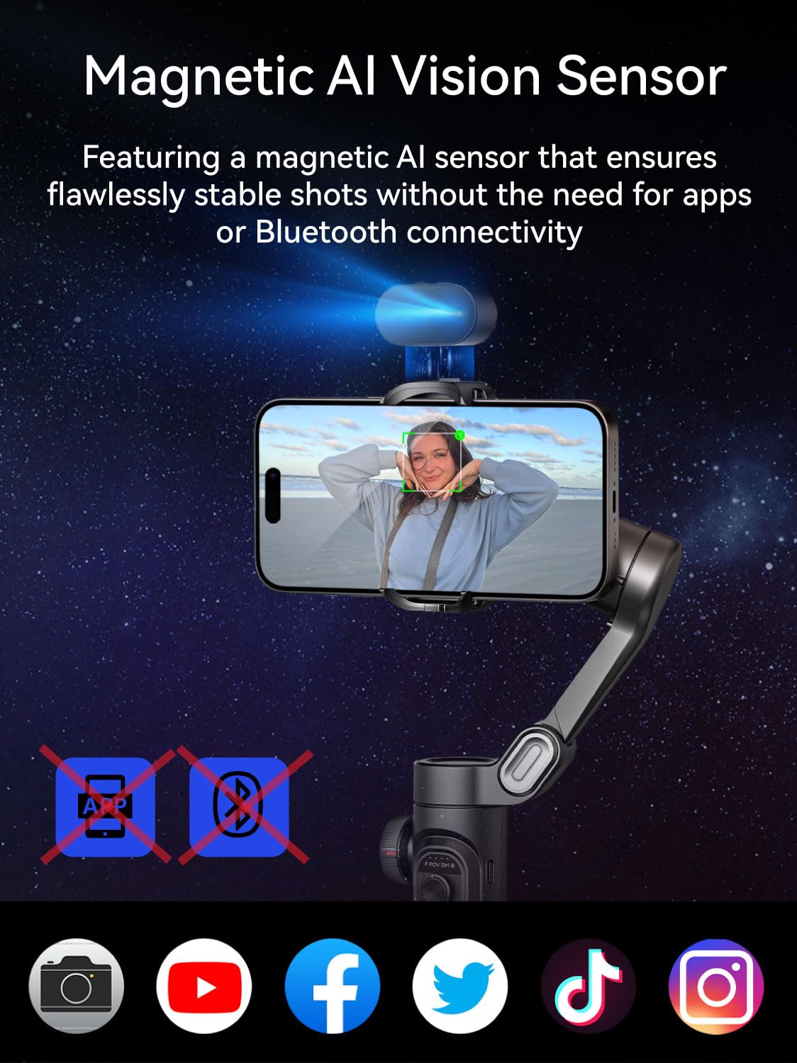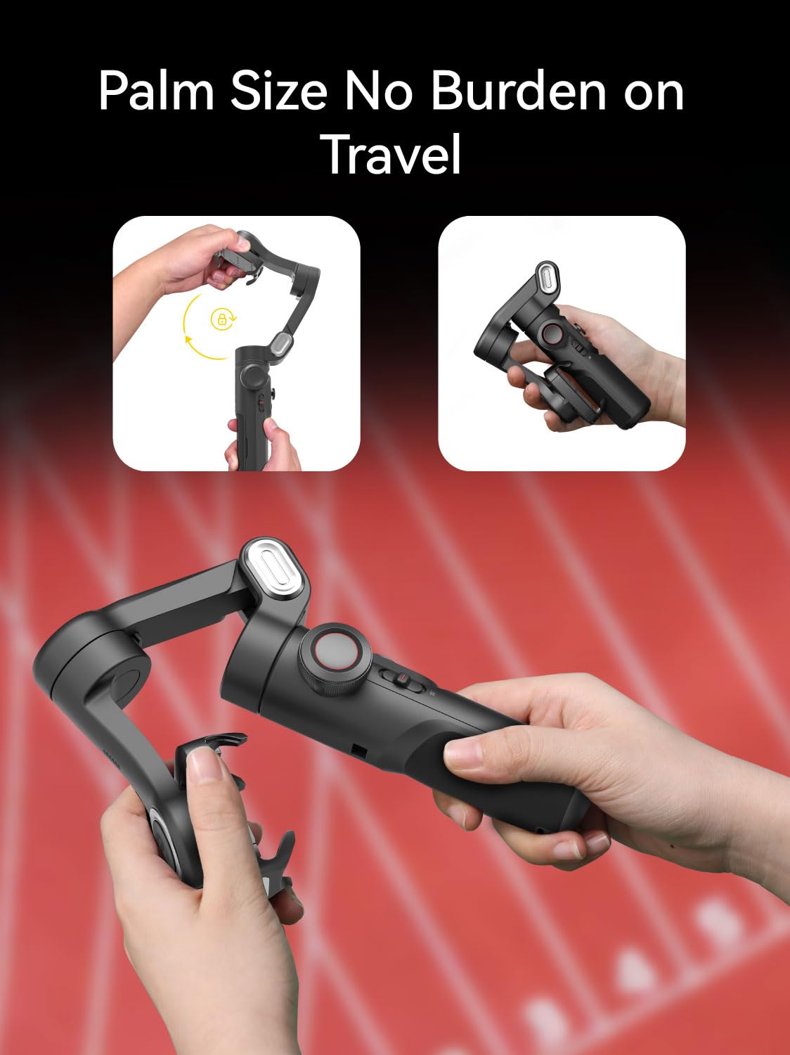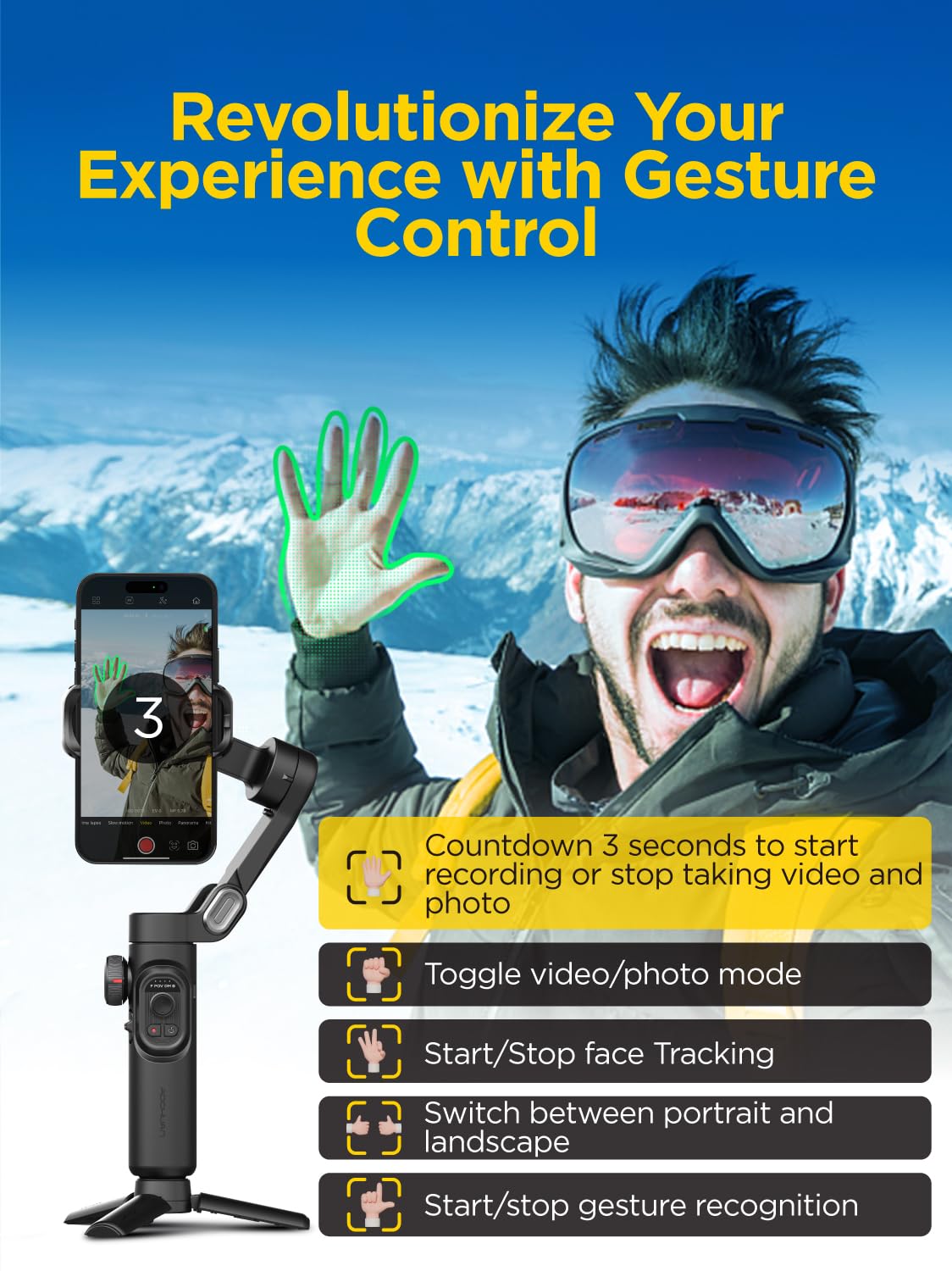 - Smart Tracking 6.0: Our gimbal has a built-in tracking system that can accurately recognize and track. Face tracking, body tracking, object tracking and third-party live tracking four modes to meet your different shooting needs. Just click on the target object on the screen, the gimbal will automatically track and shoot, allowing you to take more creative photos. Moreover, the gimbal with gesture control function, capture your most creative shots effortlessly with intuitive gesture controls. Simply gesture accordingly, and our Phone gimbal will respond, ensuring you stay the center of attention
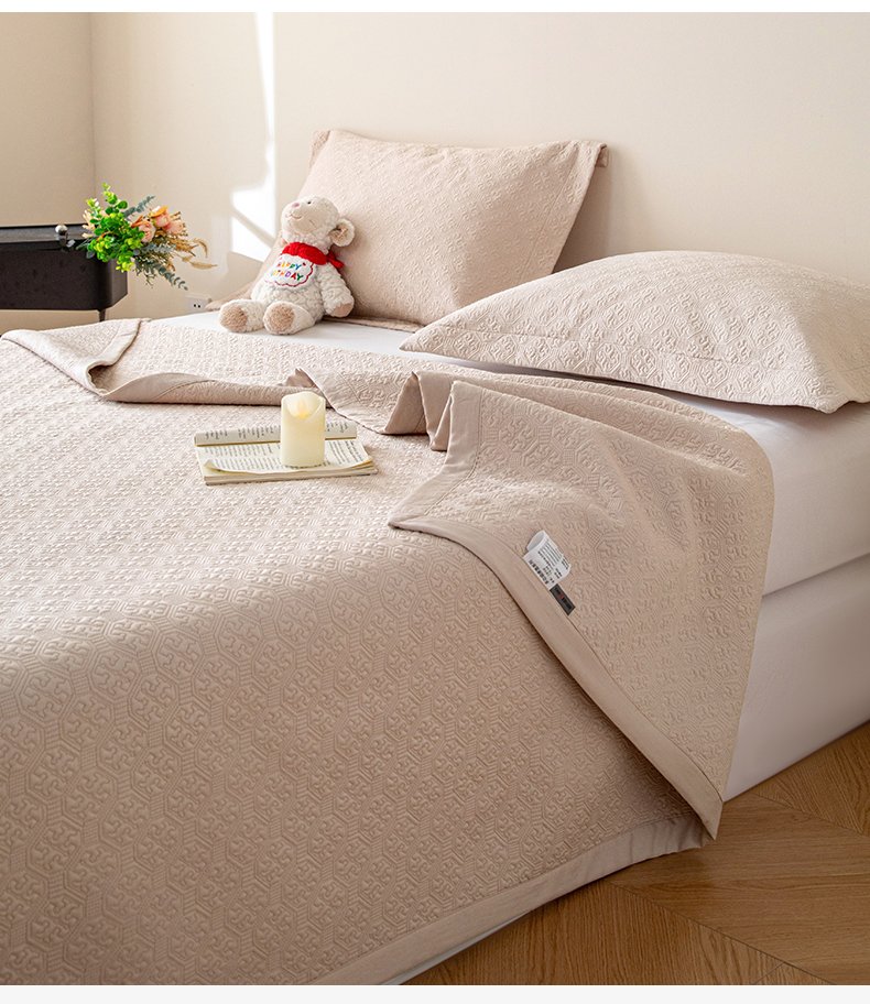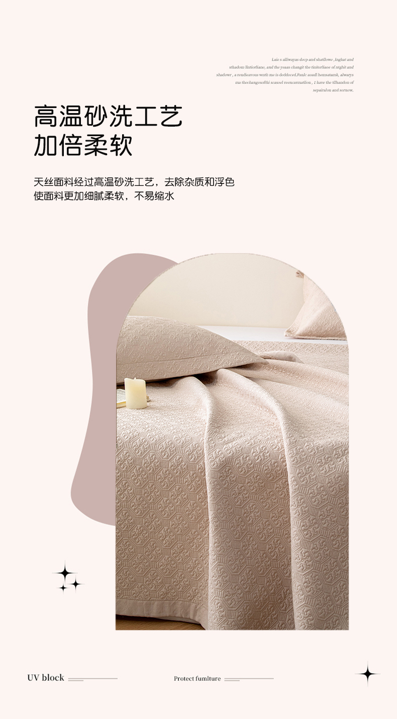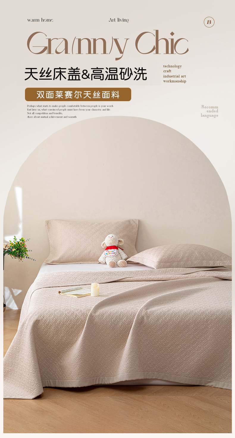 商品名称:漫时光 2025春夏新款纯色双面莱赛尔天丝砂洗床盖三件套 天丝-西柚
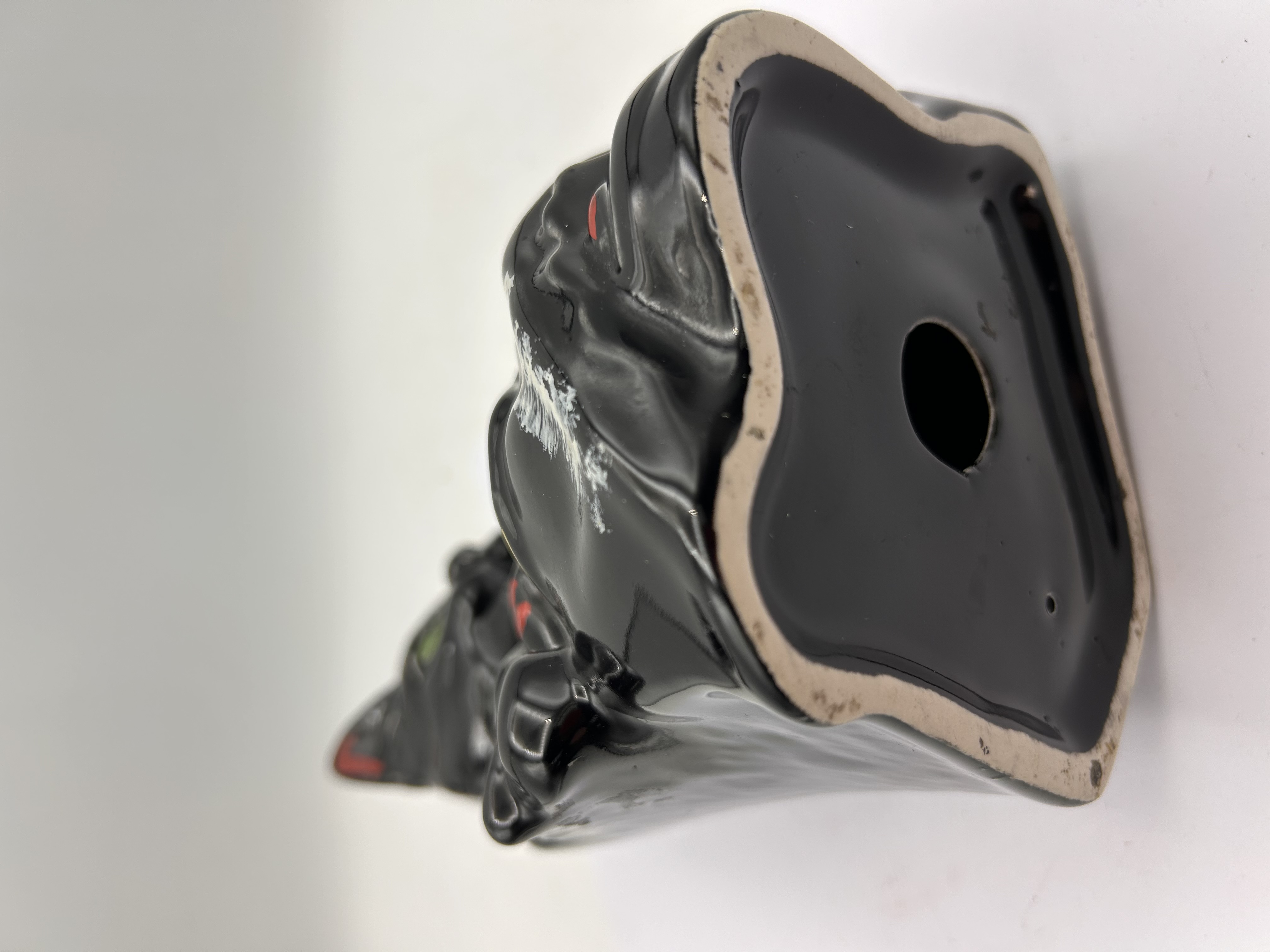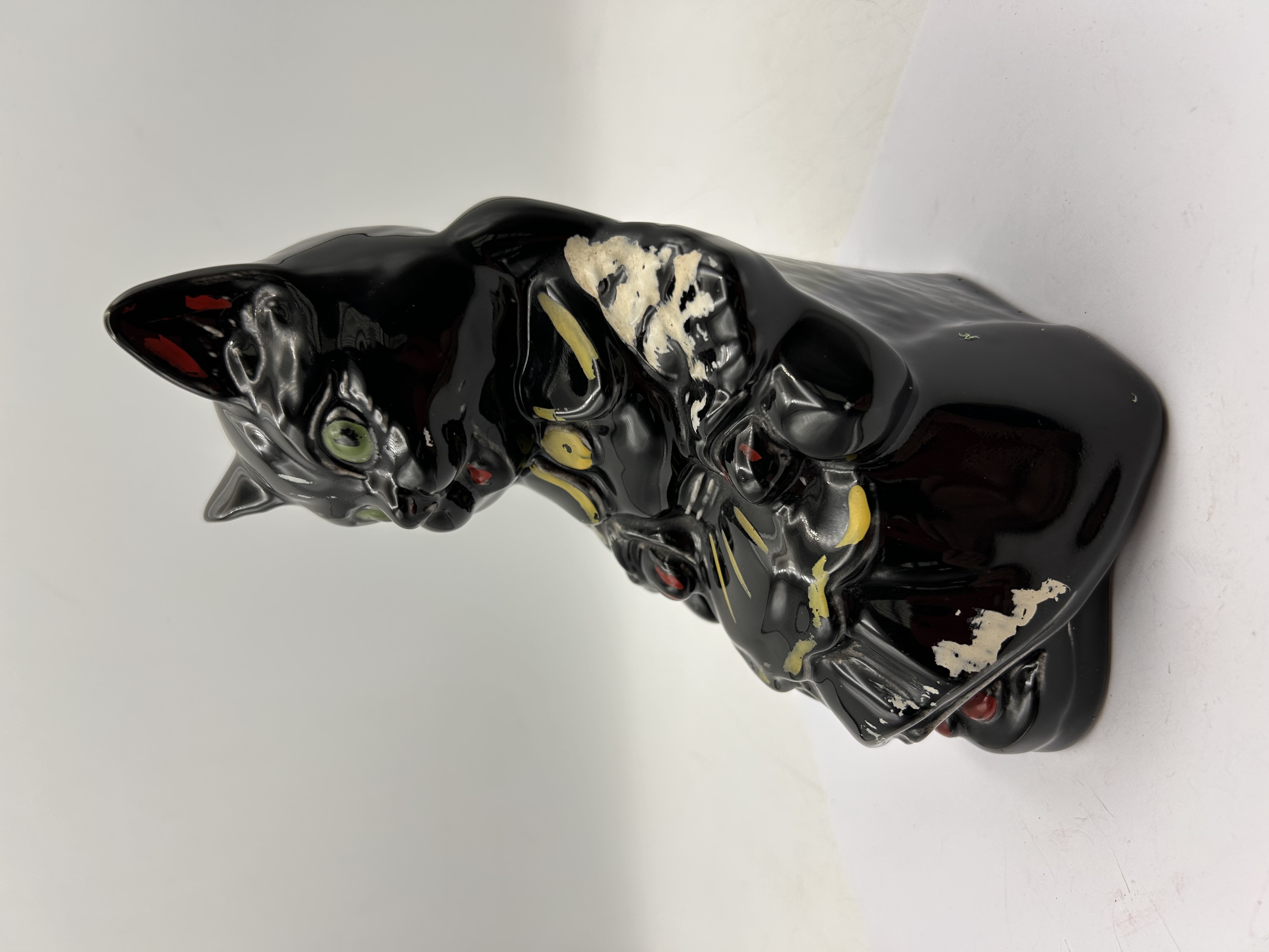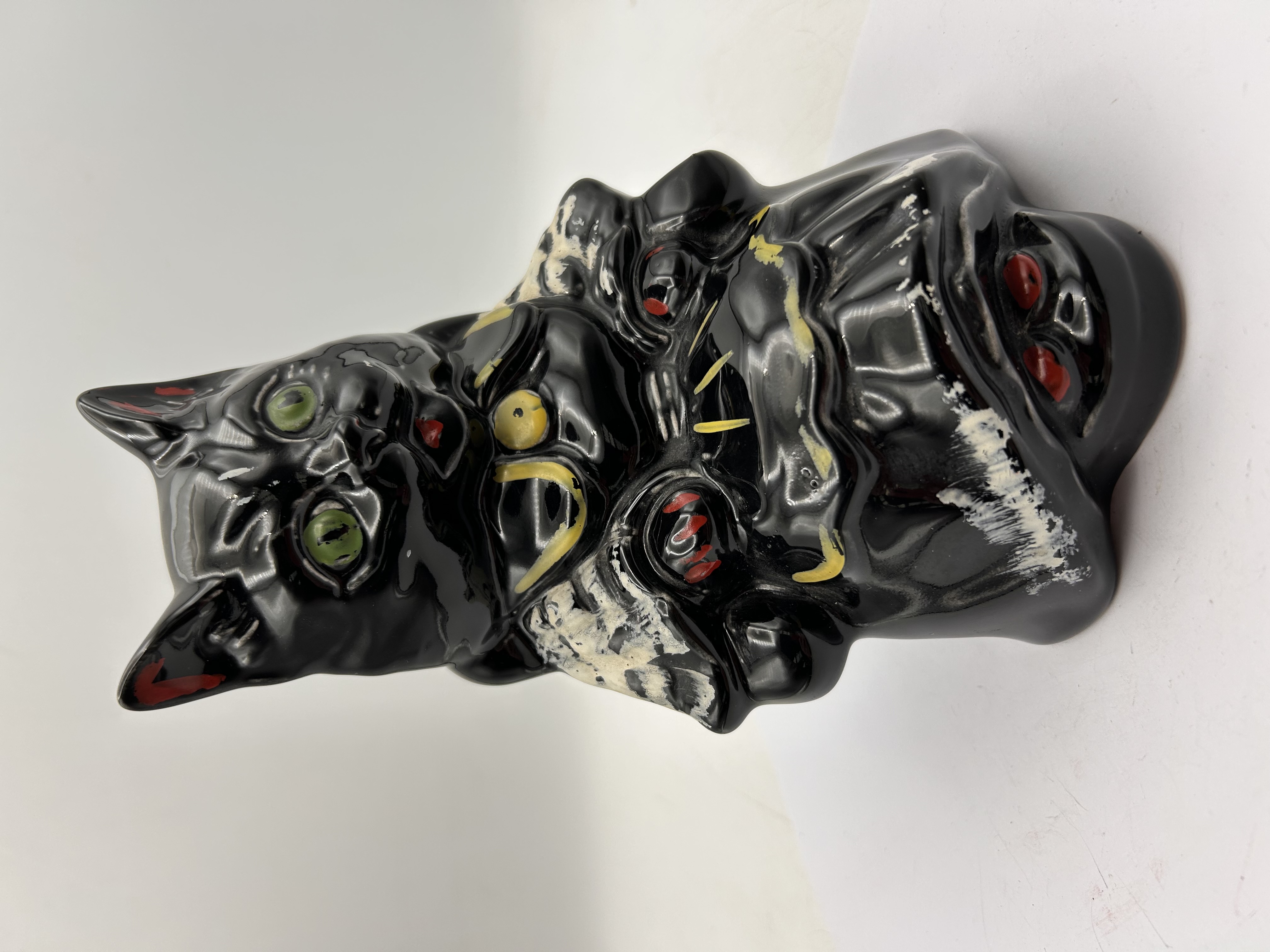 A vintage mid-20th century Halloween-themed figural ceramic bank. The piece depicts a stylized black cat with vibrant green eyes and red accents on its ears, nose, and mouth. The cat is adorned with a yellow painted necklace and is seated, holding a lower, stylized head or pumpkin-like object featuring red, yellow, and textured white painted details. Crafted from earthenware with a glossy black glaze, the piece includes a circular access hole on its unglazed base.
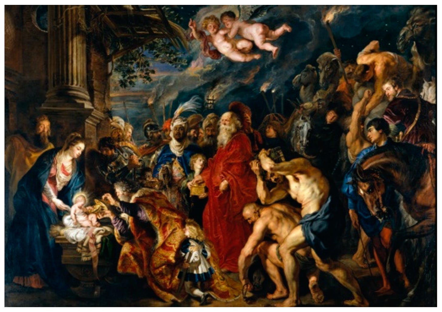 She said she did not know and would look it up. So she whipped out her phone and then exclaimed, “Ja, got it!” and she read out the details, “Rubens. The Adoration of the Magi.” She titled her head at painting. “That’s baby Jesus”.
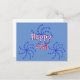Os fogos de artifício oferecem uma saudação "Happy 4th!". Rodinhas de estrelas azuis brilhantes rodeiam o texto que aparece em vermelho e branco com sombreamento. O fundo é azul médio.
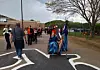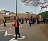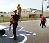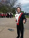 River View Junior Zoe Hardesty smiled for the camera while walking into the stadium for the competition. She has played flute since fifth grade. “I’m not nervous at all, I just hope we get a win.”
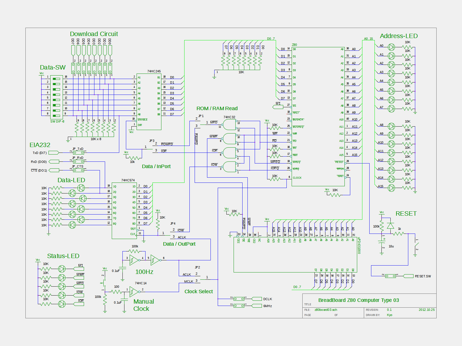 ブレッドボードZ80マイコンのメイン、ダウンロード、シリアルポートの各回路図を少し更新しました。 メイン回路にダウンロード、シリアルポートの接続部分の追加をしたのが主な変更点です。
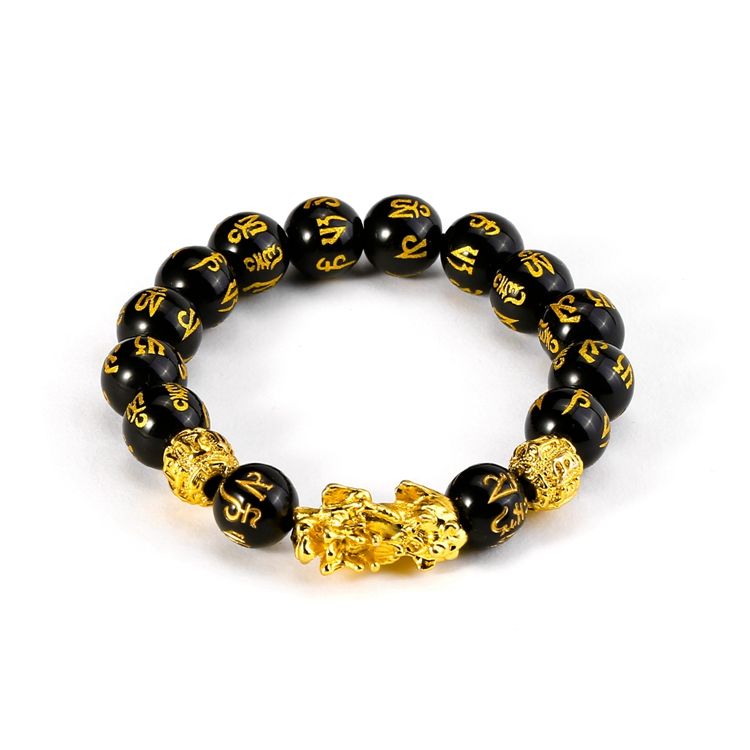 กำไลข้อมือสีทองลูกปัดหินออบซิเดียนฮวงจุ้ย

▸ **To do**: The whole listing is to be duplicated verbatim, apart from its images.

▸ **Answer box**:
 - Smart Tracking 6.0: Our gimbal has a built-in tracking system that can accurately recognize and track. Face tracking, body tracking, object tracking and third-party live tracking four modes to meet your different shooting needs. Just click on the target object on the screen, the gimbal will automatically track and shoot, allowing you to take more creative photos. Moreover, the gimbal with gesture control function, capture your most creative shots effortlessly with intuitive gesture controls. Simply gesture accordingly, and our Phone gimbal will respond, ensuring you stay the center of attention
 商品名称:漫时光 2025春夏新款纯色双面莱赛尔天丝砂洗床盖三件套 天丝-西柚
 A vintage mid-20th century Halloween-themed figural ceramic bank. The piece depicts a stylized black cat with vibrant green eyes and red accents on its ears, nose, and mouth. The cat is adorned with a yellow painted necklace and is seated, holding a lower, stylized head or pumpkin-like object featuring red, yellow, and textured white painted details. Crafted from earthenware with a glossy black glaze, the piece includes a circular access hole on its unglazed base.
 She said she did not know and would look it up. So she whipped out her phone and then exclaimed, “Ja, got it!” and she read out the details, “Rubens. The Adoration of the Magi.” She titled her head at painting. “That’s baby Jesus”.
Os fogos de artifício oferecem uma saudação "Happy 4th!". Rodinhas de estrelas azuis brilhantes rodeiam o texto que aparece em vermelho e branco com sombreamento. O fundo é azul médio.
 River View Junior Zoe Hardesty smiled for the camera while walking into the stadium for the competition. She has played flute since fifth grade. “I’m not nervous at all, I just hope we get a win.”
 ブレッドボードZ80マイコンのメイン、ダウンロード、シリアルポートの各回路図を少し更新しました。 メイン回路にダウンロード、シリアルポートの接続部分の追加をしたのが主な変更点です。
 กำไลข้อมือสีทองลูกปัดหินออบซิเดียนฮวงจุ้ย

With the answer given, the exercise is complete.